> **TASK BRIEF**
The answer should hold only the lines from the beginning of the listing below to the line containing "ET ROPE' FEMME", both included, with every picture left out.

== Segment start ==

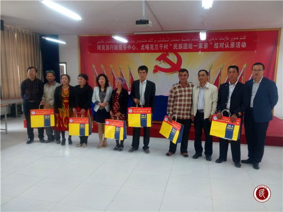 新疆民生网讯 (通讯员 赵新焕)5月12日,阿克苏行政服务中心驻阿克苏市拜什吐格曼乡尤喀克兰干村“访惠聚”工作队连同单位干部职工欢聚在村委会大院,开展了“民族团结一家亲”结对认亲活动,大家欢聚在一起,共唱民族歌、共跳民族舞,增进了“一家人”的情感。
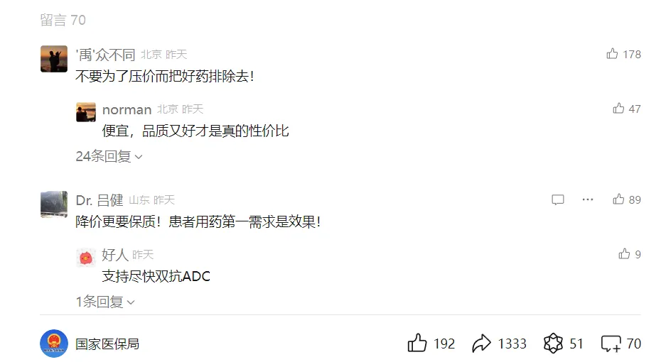 值得关注的是,今年很少看到对灵魂砍价的宣传,在国家医保局官方公众号的评论区,精选留言中许多关于对创新药进医保的呼声。
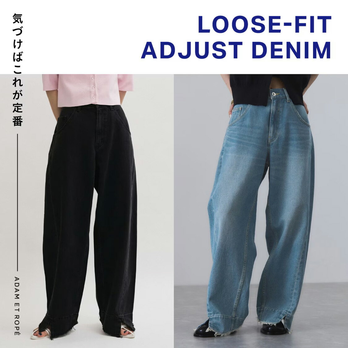 ADAM ET ROPÉのスタイリングに欠かせない定番デニム「ルーズフィットアジャストデニム」。シーズンレスで穿ける万能さと、今の気分にフィットするルーズシルエット。一本あれば着こなしの幅が広がります。長年ファンから支持され続ける名品です。|ADAM ET ROPE' FEMME
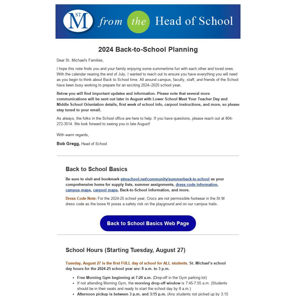 I hope this note finds you and your family enjoying some summertime fun with each other and loved ones. With the calendar nearing the end of July, I wanted to reach out to ensure you have everything you will need as you begin to think about Back to School time. All around campus, faculty, staff, and friends of the School have been busy working to prepare for an exciting 2024–2025 school year.
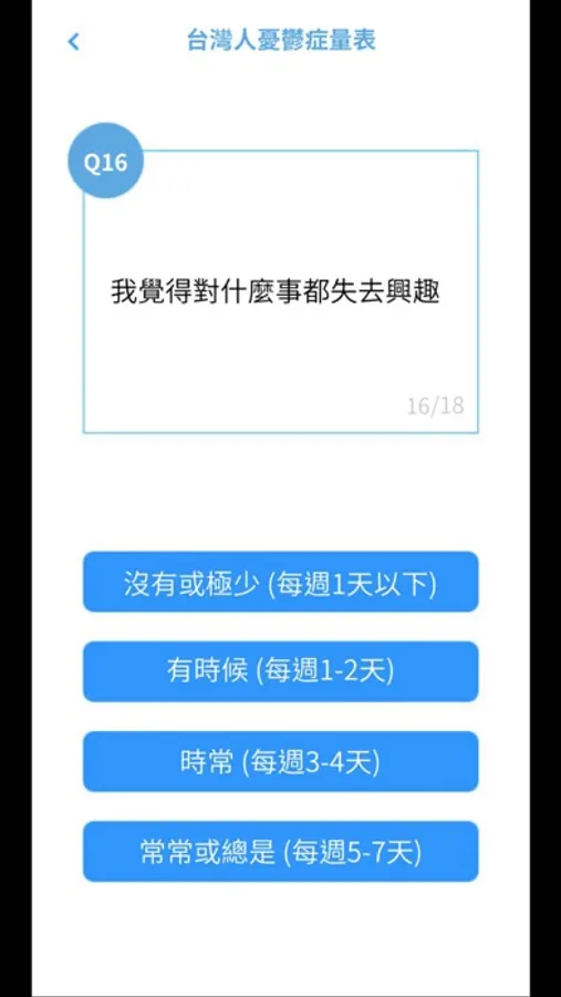 提醒您,本測驗不是診斷,有憂鬱症傾向請尋求專業協助!
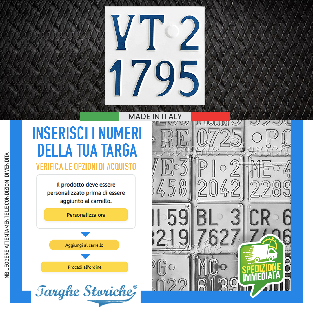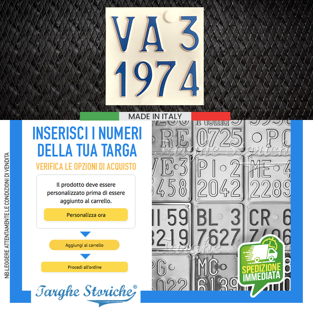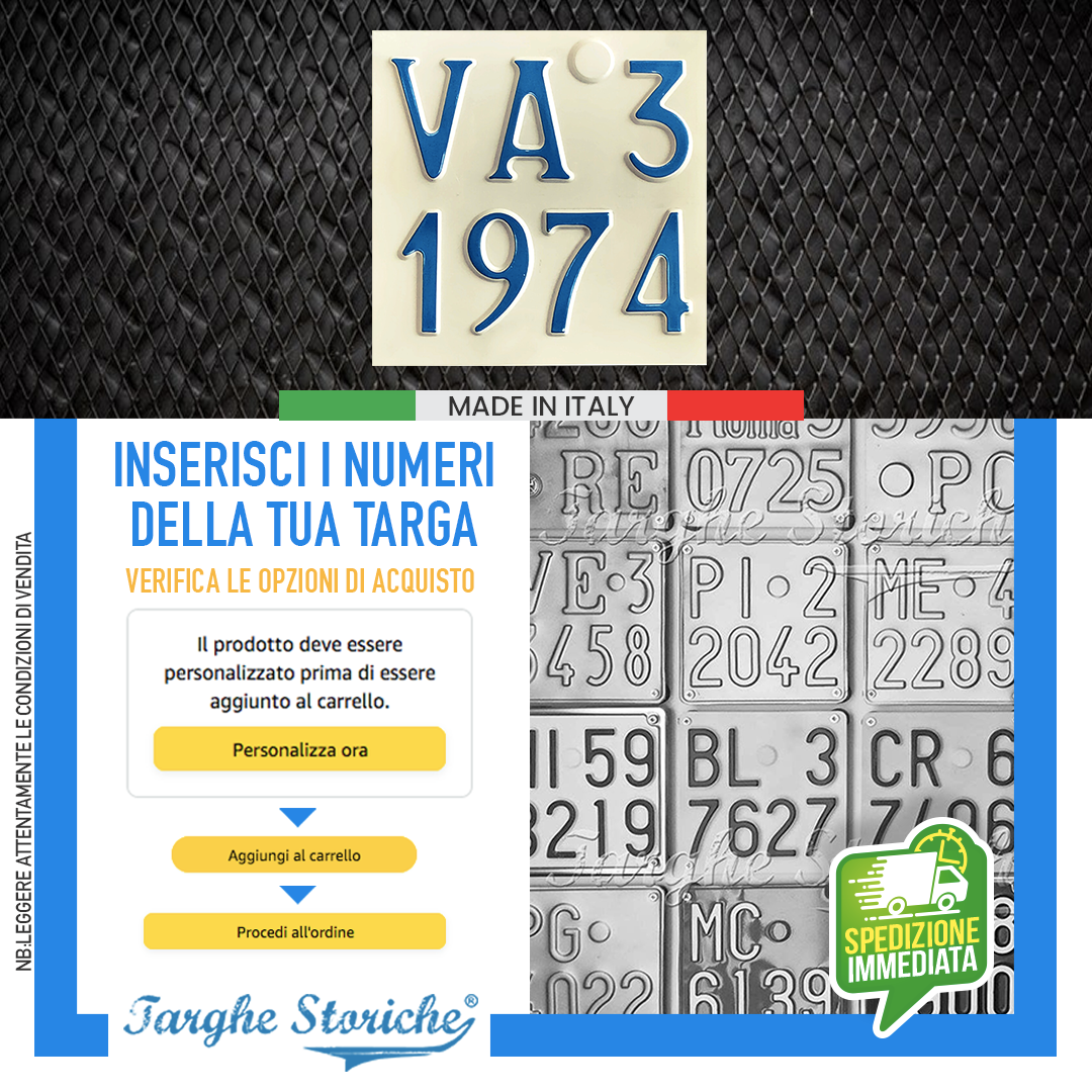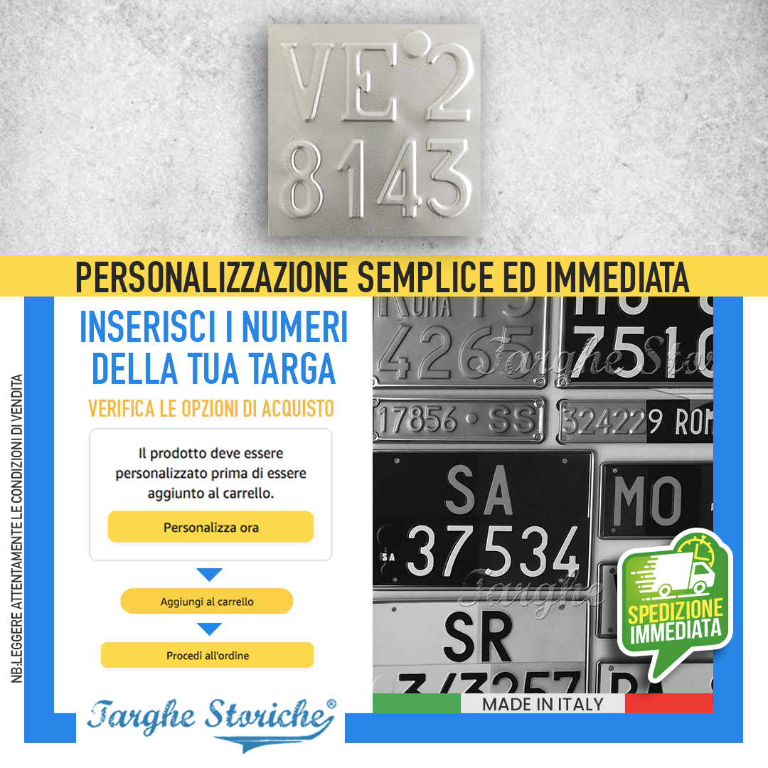 VASTA SCELTA DI PRODOTTI: Nello store di Targhe Storiche troverai un’ampia gamma di repliche di targhe posteriori auto, targhe auto anteriori, moto e targhe ripetitrici. Qualunque sia la tua necessità, troverai la soluzione perfetta
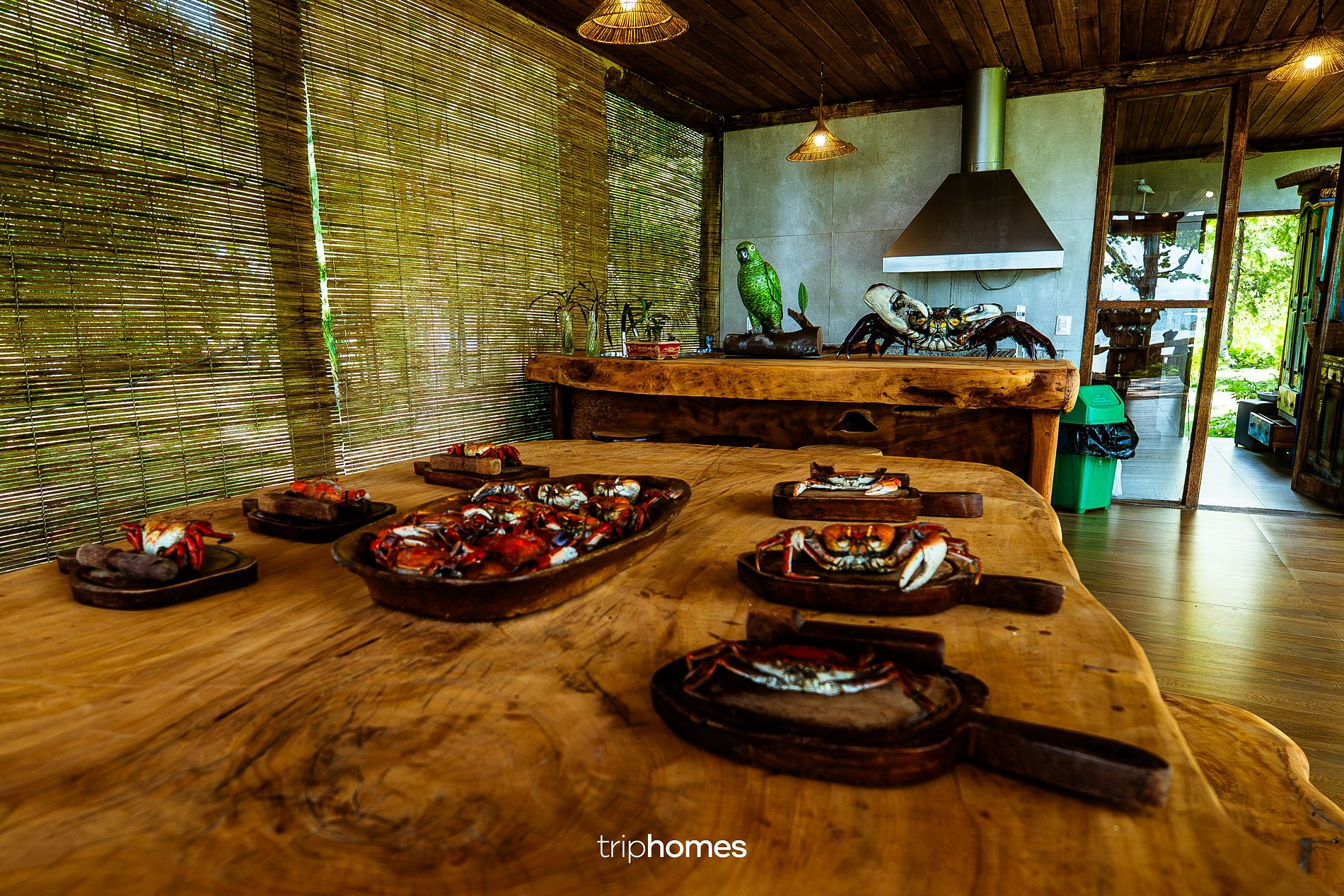 O design privilegia ventilação cruzada, iluminação natural e integração total com a paisagem, enquanto o mobiliário artesanal em madeira e fibras naturais reforça a estética leve e despretensiosa de um luxo sustentável.
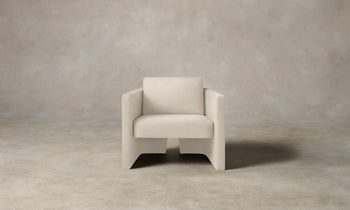 The Separa Chair is an architectural statement piece defined by a dramatic split at the back. It has wraparound arms and a waterfall seat complete with tight upholstery. Handcrafted in North Carolina.
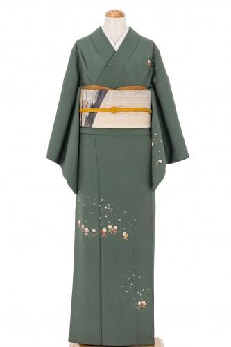 色無地 一つ紋 若葉色 ゆったりサイズ 裄長
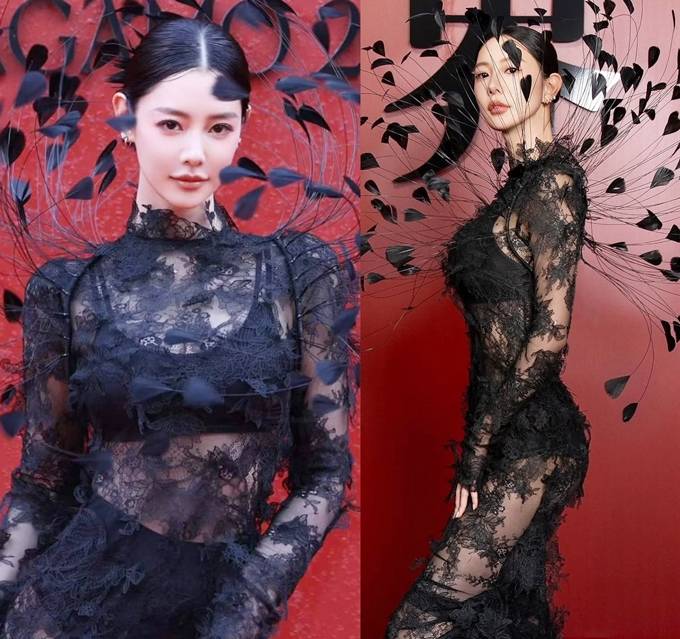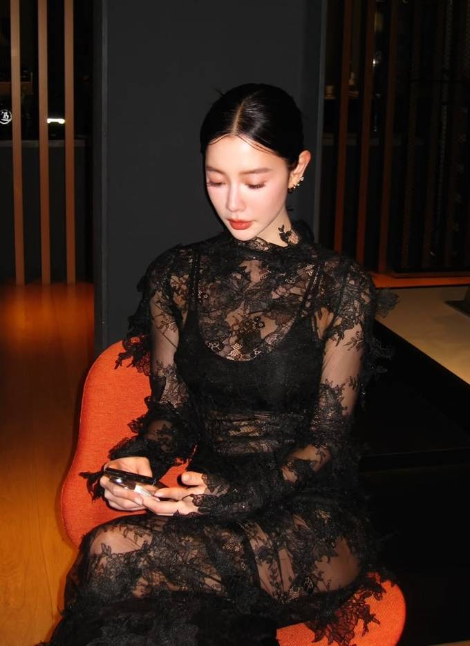 섬세하게 수놓인 레이스 패턴과 바디 라인을 따라 흐르는 실루엣이 만나 압도적인 분위기를 자아냈고, 목선을 감싸는 하이넥 디테일은 클래식한 품격을 더했다.

== Segment end ==

> **EXERCISE RESPONSE**
 新疆民生网讯 (通讯员 赵新焕)5月12日,阿克苏行政服务中心驻阿克苏市拜什吐格曼乡尤喀克兰干村“访惠聚”工作队连同单位干部职工欢聚在村委会大院,开展了“民族团结一家亲”结对认亲活动,大家欢聚在一起,共唱民族歌、共跳民族舞,增进了“一家人”的情感。
 值得关注的是,今年很少看到对灵魂砍价的宣传,在国家医保局官方公众号的评论区,精选留言中许多关于对创新药进医保的呼声。
 ADAM ET ROPÉのスタイリングに欠かせない定番デニム「ルーズフィットアジャストデニム」。シーズンレスで穿ける万能さと、今の気分にフィットするルーズシルエット。一本あれば着こなしの幅が広がります。長年ファンから支持され続ける名品です。|ADAM ET ROPE' FEMME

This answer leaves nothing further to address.